Joburg’s urban poor: why the City wishes they didn’t exist

The case of the residents of San Jose, a “condemned” building in Hillbrow, went through two lower courts before the Constitutional Court finally ruled that the City of Johannesburg could not evict people without offering a suitable alternative. We visited the new building, and it appears the City may be in contempt of the judgment. What does this say about Joburg’s attitude to its poor?

In September 2008, the residents of San Jose, a building in Olivia Street, Hillbrow, calmly cleared their rooms of their belongings and took them down to the ground floor. The smell of sewage in the garage was as strong as ever, but it had long stopped bothering them. For years they had been living resourcefully in the abandoned block of flats, overcoming the lack of electricity and water by bringing in paraffin lamps and five-litre drums, getting up at 4am every Sunday to scrub and clean the corridors and public spaces. They paid no rent – there was no official landlord to pay it to – but then neither was San Jose a “hijacked” building. Thanks to the civic pride of the residents and the uncompromising attitude of Nelson Chawe, the tough chairman of the informal committee, gangsters and undesirables had never managed to gain a foothold.

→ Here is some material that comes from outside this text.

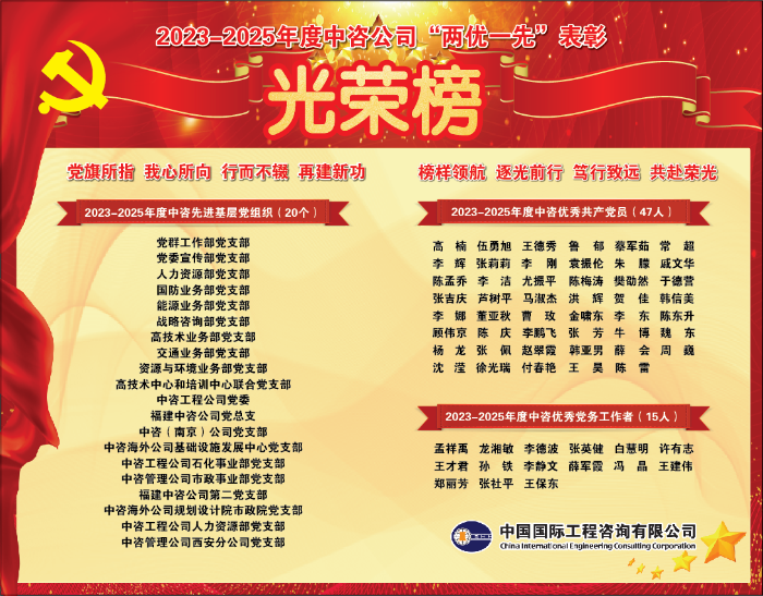 6月30日,中咨公司隆重召開(kāi)慶祝中國(guó)共產(chǎn)黨成立104周年暨“七一”表彰大會(huì),對(duì)過(guò)去兩年在推進(jìn)公司黨的建設(shè)和改革發(fā)展進(jìn)程中涌現(xiàn)的先進(jìn)典型進(jìn)行表彰,進(jìn)一步激勵(lì)各級(jí)黨組織和廣大黨員不忘初心、牢記使命,為公司加快建設(shè)國(guó)家高端智庫(kù)和世界一流咨詢機(jī)構(gòu)作出新的更大貢獻(xiàn)。 公司黨委副書(shū)記、董事、總經(jīng)理郭銘群出席會(huì)議并講話,受公司黨委書(shū)記、董事長(zhǎng)茍護(hù)生委托,代表公司黨委,向受到表彰的先進(jìn)集體和個(gè)人表示誠(chéng)摯的祝賀、向奮戰(zhàn)在公司各條戰(zhàn)線的廣大黨員干部職工致以節(jié)日的問(wèn)候,并對(duì)各級(jí)黨組織和黨員同志提出要求和期待。會(huì)議由公司黨委副書(shū)記、工會(huì)主席朱嵐主持,黨委委員、總會(huì)計(jì)師王麗靜宣讀公司黨委關(guān)于表彰2023—2025年度“兩優(yōu)一先”的決定,公司領(lǐng)導(dǎo)潘小海、沈浩、劉富榮、李開(kāi)孟參加會(huì)議。 郭銘群在講話中指出,公司各級(jí)黨組織和廣大黨員干部職工堅(jiān)持以習(xí)近平新時(shí)代中國(guó)特色社會(huì)主義思想為指導(dǎo),以開(kāi)展深入貫徹中央八項(xiàng)規(guī)定精神學(xué)習(xí)教育為動(dòng)力,聚焦主責(zé)主業(yè)、把準(zhǔn)功能定位,為黨和國(guó)家有關(guān)重大戰(zhàn)略、重大規(guī)劃、重大工程和重大投資政策實(shí)施提供了重要智力支撐,并在實(shí)踐中深刻認(rèn)識(shí)到:必須始終把黨的事業(yè)放在心中最高位置,把“兩個(gè)維護(hù)”印刻在腦海里、落實(shí)到行動(dòng)上,牢記“黨之大計(jì)”、胸懷“國(guó)之大者”、助建“國(guó)之重器”,以更高站位、更高水平、更高質(zhì)量服務(wù)黨和國(guó)家科學(xué)決策。 郭銘群強(qiáng)調(diào),公司各級(jí)黨組織要扛起主體責(zé)任,鍛造堅(jiān)強(qiáng)堡壘,全體黨員要以黨性立“智”、以清風(fēng)潤(rùn)“咨”,進(jìn)一步堅(jiān)定發(fā)展信心、保持發(fā)展定力、搶抓發(fā)展機(jī)遇,齊心協(xié)力譜寫(xiě)公司高質(zhì)量發(fā)展新篇章。銳意改革攻堅(jiān)、埋頭苦干實(shí)干,不折不扣落實(shí)公司“五五戰(zhàn)略”和“3510”策略,以破解發(fā)展難題、提升管理效能、防范化解風(fēng)險(xiǎn)的擔(dān)當(dāng)和作為彰顯黨性;堅(jiān)持從群眾中來(lái)、到群眾中去,著力解決職工急難愁盼問(wèn)題,在開(kāi)展政策研究和咨詢服務(wù)過(guò)程中站穩(wěn)人民立場(chǎng),以用心用情辦實(shí)事的行動(dòng)和成效彰顯黨性;從嚴(yán)從實(shí)加強(qiáng)作風(fēng)建設(shè),以開(kāi)展深入貫徹中央八項(xiàng)規(guī)定精神學(xué)習(xí)教育為契機(jī),不斷提高拒腐防變能力,永葆黨員政治本色,在共同營(yíng)造風(fēng)清氣正干事創(chuàng)業(yè)良好政治生態(tài)中彰顯黨性。 大會(huì)共表彰了20個(gè)“先進(jìn)基層黨組織”、47名“優(yōu)秀共產(chǎn)黨員”和15名“優(yōu)秀黨務(wù)工作者”。公司領(lǐng)導(dǎo)為受表彰的先進(jìn)集體和個(gè)人頒獎(jiǎng)。能源業(yè)務(wù)部李德波、中咨工程公司牛博、中咨海外公司蘇寶健代表獲獎(jiǎng)集體和個(gè)人作交流發(fā)言。 朱嵐在主持講話中指出,公司全體黨員要以先進(jìn)為標(biāo)桿,以典型為榜樣,弘揚(yáng)偉大建黨精神,進(jìn)一步提高政治站位、強(qiáng)化政治擔(dān)當(dāng),堅(jiān)定奮斗意志、堅(jiān)定恒心韌勁,永遠(yuǎn)保持共產(chǎn)黨員的激情和榮耀,攻堅(jiān)克難完成年度各項(xiàng)目標(biāo)任務(wù),以實(shí)干實(shí)績(jī)?yōu)辄h旗增光添彩。 會(huì)議采取線上線下相結(jié)合的方式召開(kāi)。公司總部部門(mén)副職及以上管理人員和相應(yīng)層級(jí)專(zhuān)業(yè)職級(jí)人員、在京所屬企業(yè)班子成員和獲獎(jiǎng)代表在現(xiàn)場(chǎng)參會(huì)。公司總部處級(jí)干部和相應(yīng)職級(jí)人員、京外所屬企業(yè)班子成員以及各所屬企業(yè)黨員代表線上參會(huì)。 | |||||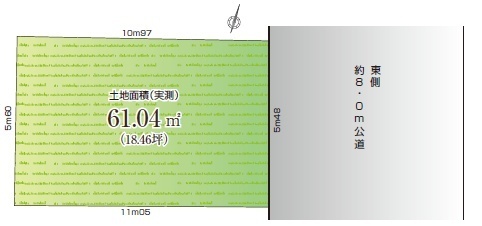 | 接道詳細 | 東8m公道に5.4m接道 | ||

And now they were leaving, all four hundred of them, for a building a dozen blocks to the south – one with lights at the flick of a switch and water at the turn of a tap. With the help of the human rights lawyers at the Centre for Applied Legal Studies at Wits University, they had beaten the City of Johannesburg in a landmark case before the Constitutional Court. The mayor’s office, which for years had been trying to put them on the street, had been ordered to offer the residents of San Jose alternative accommodation in the Joburg CBD.

It was a reluctant concession on the part of the City. In October 2008, about a month after the move to the new building, I arranged a follow-up interview with CALS head of litigation Stuart Wilson, who had taken me on a tour of San Jose the year before.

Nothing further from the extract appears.